Kuala Lumpur, January 13 – One year on from the on-set of the COVID-19 pandemic, educators are still struggling with how best to keep students in schools, engaged and connected.
Local NGO, Dignity for Children Foundation (Dignity), with the support of UNHCR, the UN Refugee Agency’ have implemented a programme called “The Community Classroom” to bring education to the grassroots particularly the refugee communities in Malaysia.
Community Classroom works on the concept of empowering community educators to teach children in the community.
Explained Petrina Shee, Co-founder and CEO of Dignity: “Dignity operates an education programme in Sentul for children and youths aged between 2 to 18 years old based on the Montessori philosophy. We have developed in-house over 200 work books focusing on numeracy and literacy.
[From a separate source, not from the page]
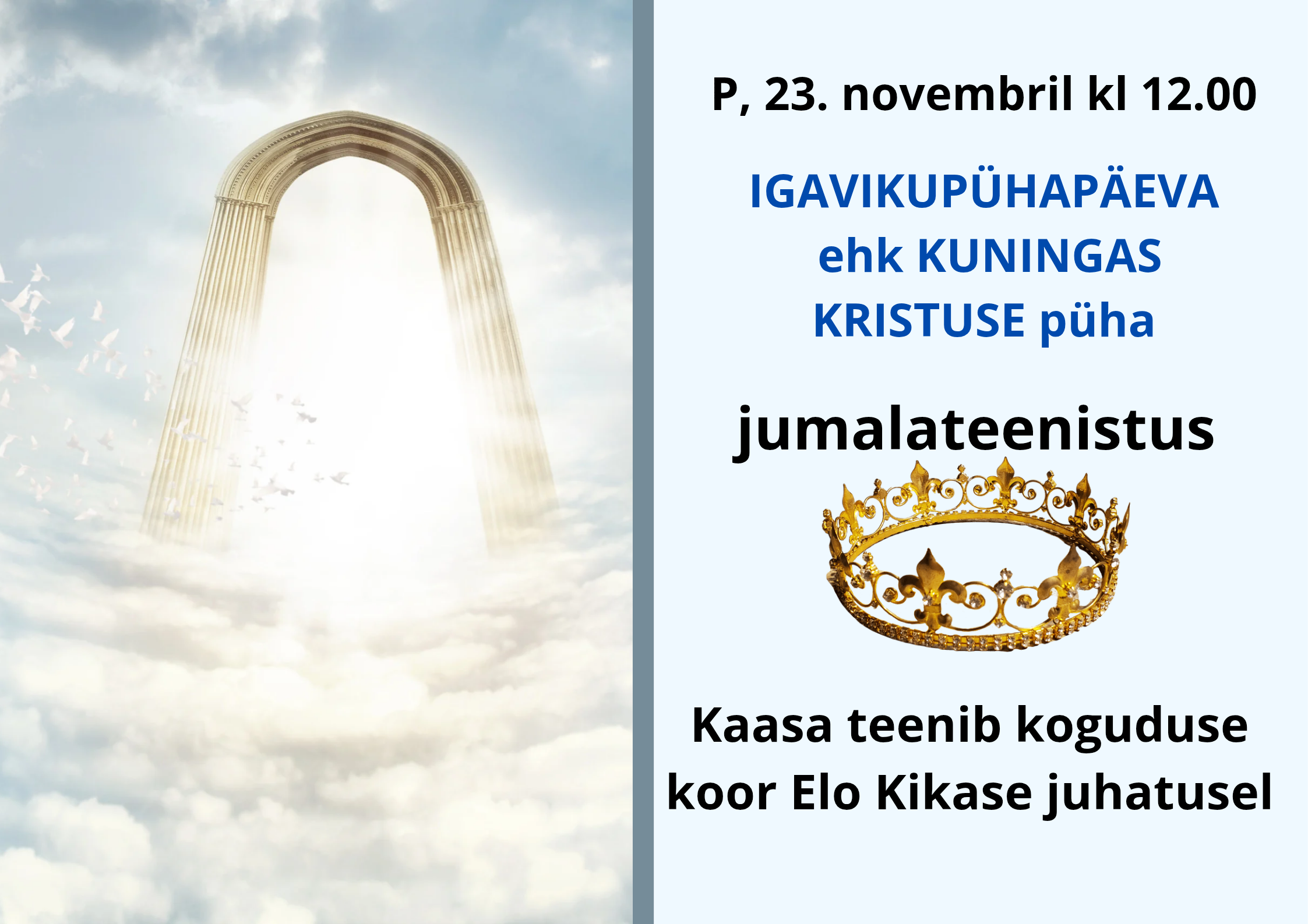 Kirik on avatud juba alates kell 10. Enne jumalateenistust kell 10.45 pühapäevakool, kl 11.30 ülistuskool. Pärast jumalateenistust on kõik teretulnud ühisesse kohvilauda!

For the Community Classroom programme, we used these work books to train in-community educators who in turn will teach the children in their respective communities.
The current workbooks are divided into approximately 100 English workbooks and 100 Mathematics workbooks for children between the ages of four to eight. Workbooks for the nine to twelve years old group are being developed.”
Project coordinator Fadlin Linsai of Dignity hold weekly training with the community educators online. He would go through the weekly workbooks to make sure that the educators are sufficiently equipped before they start a new week. All relevant links and the workbooks are uploaded via Google Classroom for ease of access and learning.
“Not all the educators are trained as teachers but they are nonetheless very qualified. They hold professional degrees but could not do what they were trained for because they are refugees. With the Community Classroom, they are able to give back to their communities and, at the same time, acquire a skill that will help them make a fresh start and earn a living either locally or when they get settled in a new country,” said Fadlin.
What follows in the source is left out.